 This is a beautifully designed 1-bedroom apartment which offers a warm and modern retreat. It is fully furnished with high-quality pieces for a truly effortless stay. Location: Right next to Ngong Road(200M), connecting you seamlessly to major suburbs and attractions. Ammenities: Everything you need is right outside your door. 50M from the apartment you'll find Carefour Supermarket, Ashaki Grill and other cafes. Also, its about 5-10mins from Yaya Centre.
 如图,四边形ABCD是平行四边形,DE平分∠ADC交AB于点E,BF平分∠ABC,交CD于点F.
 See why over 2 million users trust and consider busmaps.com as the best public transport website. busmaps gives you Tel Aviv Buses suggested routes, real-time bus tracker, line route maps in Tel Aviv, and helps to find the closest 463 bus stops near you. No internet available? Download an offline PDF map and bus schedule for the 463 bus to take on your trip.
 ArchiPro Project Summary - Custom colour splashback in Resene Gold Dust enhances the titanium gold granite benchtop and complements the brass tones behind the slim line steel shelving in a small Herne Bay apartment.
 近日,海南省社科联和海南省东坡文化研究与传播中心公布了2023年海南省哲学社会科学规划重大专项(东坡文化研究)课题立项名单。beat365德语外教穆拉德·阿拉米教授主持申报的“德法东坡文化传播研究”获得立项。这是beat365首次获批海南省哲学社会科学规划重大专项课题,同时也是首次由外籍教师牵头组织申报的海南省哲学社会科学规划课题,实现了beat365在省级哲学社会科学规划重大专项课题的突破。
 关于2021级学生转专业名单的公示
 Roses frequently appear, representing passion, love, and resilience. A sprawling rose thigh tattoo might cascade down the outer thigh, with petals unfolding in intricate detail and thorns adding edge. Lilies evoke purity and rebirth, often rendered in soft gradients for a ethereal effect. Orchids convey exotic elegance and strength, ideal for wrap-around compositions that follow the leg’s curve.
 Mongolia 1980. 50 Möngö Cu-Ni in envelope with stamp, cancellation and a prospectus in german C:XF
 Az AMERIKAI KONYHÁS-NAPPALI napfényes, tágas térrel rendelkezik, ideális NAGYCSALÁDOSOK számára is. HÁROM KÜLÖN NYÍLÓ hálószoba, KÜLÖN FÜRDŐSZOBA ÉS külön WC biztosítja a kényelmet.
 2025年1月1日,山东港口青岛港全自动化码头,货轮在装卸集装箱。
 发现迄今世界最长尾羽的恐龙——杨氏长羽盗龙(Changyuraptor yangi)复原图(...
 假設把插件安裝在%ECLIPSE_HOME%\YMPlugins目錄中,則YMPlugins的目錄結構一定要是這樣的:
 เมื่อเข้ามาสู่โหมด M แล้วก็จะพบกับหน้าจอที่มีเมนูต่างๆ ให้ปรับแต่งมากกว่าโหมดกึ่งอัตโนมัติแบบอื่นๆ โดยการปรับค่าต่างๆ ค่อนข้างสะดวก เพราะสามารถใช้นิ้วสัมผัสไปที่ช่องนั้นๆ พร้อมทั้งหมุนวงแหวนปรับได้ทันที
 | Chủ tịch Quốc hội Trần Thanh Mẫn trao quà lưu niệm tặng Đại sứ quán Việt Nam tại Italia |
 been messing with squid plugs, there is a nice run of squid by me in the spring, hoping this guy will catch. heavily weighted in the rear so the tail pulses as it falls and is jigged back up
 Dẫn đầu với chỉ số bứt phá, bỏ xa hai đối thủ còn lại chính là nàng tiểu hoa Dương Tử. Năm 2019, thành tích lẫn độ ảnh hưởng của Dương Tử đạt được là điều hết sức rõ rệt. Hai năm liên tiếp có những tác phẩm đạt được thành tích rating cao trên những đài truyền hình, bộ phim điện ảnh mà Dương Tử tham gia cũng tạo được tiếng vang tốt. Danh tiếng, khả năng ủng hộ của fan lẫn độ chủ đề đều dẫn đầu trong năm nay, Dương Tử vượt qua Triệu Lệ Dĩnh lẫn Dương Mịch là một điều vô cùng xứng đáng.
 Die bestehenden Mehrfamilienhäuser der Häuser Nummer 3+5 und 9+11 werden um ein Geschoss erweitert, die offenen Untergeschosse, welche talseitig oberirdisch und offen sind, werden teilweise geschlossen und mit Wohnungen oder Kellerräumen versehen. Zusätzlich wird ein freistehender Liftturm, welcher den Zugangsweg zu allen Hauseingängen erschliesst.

■ Exercise aim ■
Read the data above and pull out each line that holds the string "apartment".

■ Answer space ■
 This is a beautifully designed 1-bedroom apartment which offers a warm and modern retreat. It is fully furnished with high-quality pieces for a truly effortless stay. Location: Right next to Ngong Road(200M), connecting you seamlessly to major suburbs and attractions. Ammenities: Everything you need is right outside your door. 50M from the apartment you'll find Carefour Supermarket, Ashaki Grill and other cafes. Also, its about 5-10mins from Yaya Centre.
 ArchiPro Project Summary - Custom colour splashback in Resene Gold Dust enhances the titanium gold granite benchtop and complements the brass tones behind the slim line steel shelving in a small Herne Bay apartment.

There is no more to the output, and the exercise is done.